PEMBAHASAN
Akhirnya didapatkan persentase coke, tar dan, air sedangkan jumlah gas didapat
dengan cara mengurangkannya. Tes Fischer umum digunakan untuk batubara rank
rendah (brown coal dan lignit) untuk karbonisasi temperatur rendah.
D. Plastometer Gieseler
Plastometer Gieseler adalah viskometer yang memantau viscositas sampel
batubara yang telah dileburkan. Dari tes ini direkam data-data sbb:
a. Initial softening temperature.
b. Temperatur viscositas maksimum
c. Viskositas maksimum.
d. Temperatur pemadatan resolidifiation temperatur.
E. Indeks Roga:
Indeks Roga menyatakan caking capacity. Ditentukan dengan cara
memanaskan 1 gram sampel batubara yang dicampur dengan 5 gram antrasit pada
850C selama 15 menit.
F. Tes lain yang dilakukan:
Biasanya dilakukan untuk menentukan:
a.
b.
c.
Uji kekuatan.
d.
Tes Metalurgi.
Gambar 2.1
Kokas Batubara
A. Proses Pembuatan/Produksi Kokas
1. Tahap Pembentukan
Batubara adalah bahan baku utama (60-80%). Batubara dikeringkan
hingga kandungan air 2-3% (pada tahap i ). Batubara kering digerus (pada tahap ii
). Pengikat ditambahkan ke bubuk batu bara, bahan ini kemudian dicampur (pada
tahap iii ), dan dicetak (pada tahap iv), sehingga memperoleh batubara umpan.
2. Tahap Karbonisasi (carbonizing stage)
Karbonisasi batubara adalah proses distilasi kering di mana sirkulasi udara
dikontrol seminimal mungkin. Melalui dinding baja, panas disalurkan ke dalam
tanur bakar yang memuat batubara. Proses karbonisasi merupakan reaksi
endoterm atau eksoterm tergantung pada temperatur dan proses reaksi yang
sedang terjadi. Secara umum hal ini dipengaruhi oleh hubungan temperatur
karbonisasi, sifat reaksi, perubahan fisik/kimiawi yang terjadi.
Batubara yang sebagai umpan dalam proses karbonisasi dimasukan ke
tungku (pada tahap v), di mana batubara melewati zona karbonisasi suhu rendah,
pada suhu sekitar 375 sampai 475 derajat celcius, batubara mengalami
dekomposisi membentuk lapisan plastis di sekitar dinding. Ketika suhu mencapai
475 sampai 600 derajat celcius, terlihat kemunculan cairan tar dan senyawa
hidrokarbon (minyak), dilanjutkan dengan pemadatan massa plastis menjadi semi-
kokas, dan kemudian batubara dipanaskan dalam carbonisasi suhu tinggi sampai
1000o C (pada tahap vii) untuk menjalani karbonisasi.
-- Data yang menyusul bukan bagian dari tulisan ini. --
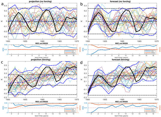 Experiments without and with initial conditions and forcing. The four cases correspond to experiments with (a) no initial conditions and no forcing, (b) initial conditions and no forcing, (c) no initial conditions and forcing, and (d) both initial conditions and forcing. In part (a), top panel, the colored lines show a set of 30 idealised climate projections, nominally starting in 1950. The solid black line is the member taken to represent the ‘observations’. The horizontal dashed black lines represent the 2.5, 50, and 97.5 percentile values of the climatological distribution of ‘observations’ calculated from the long control run of the model. The dashed blue lines are the values of the 2.5 percentile, ensemble mean, and 97.5 percentile from the distribution of 100 projection members, calculated each year to show their variation in time. In part (a), the bottom panel shows the MSE and MSSS skill scores from this experiment as a function of lead time. The skill scores are calculated over the 150 forecasts in each experiment. In part (b), the colored lines are a set of 30 forecast members without forcing. The solid and dashed lines are defined as in part a. In part (c), top panel, the colored lines are a set of 30 projection members with forcing. The observations are represented by the black line, which has the same linear forcing term as the projection members. In part (d), top panel, the colored lines are 30 forecast members with forcing. The same linear forcing has been applied to the forecast members and the observed member (black line).

Tingkat panas yang tinggi harus dikendalikan sehingga batubara tidak
pecah dan hancur akibat batubara mengalami pertambahan atau penyusutan
volume. Batubara yang telah terkarbonisasi (coke), didinginkan hingga mencapai
suhu 100o C atau lebih rendah. Suhu di pendinginan (pada tahap viii) oleh gas
yang bersuhu normal dimasukkan dari bawah tungku sebelum kokas dikeluarkan
dari tungku.
3. Gas yang dihasilkan ( generated Gas)
Gas hasil pemanasan kokas (300-350o C) meninggalkan bagian atas
tungku yang didinginkan oleh recooler ( pada tahap ix ) dan pendingin utama
( pada tahap x ). Setelah menghilangkan asap tar ( pada tahap xi ), sebagian besar
gas dikembalikan ke tungku. Porsi gas yang berlebihan dikeluarkan dari sistem,
yang kemudian mengalami rectification dan desulfurisasi untuk menjadi bahan
bakar bersih yang memiliki nilai kalori tinggi, (3800kcal/Nm3).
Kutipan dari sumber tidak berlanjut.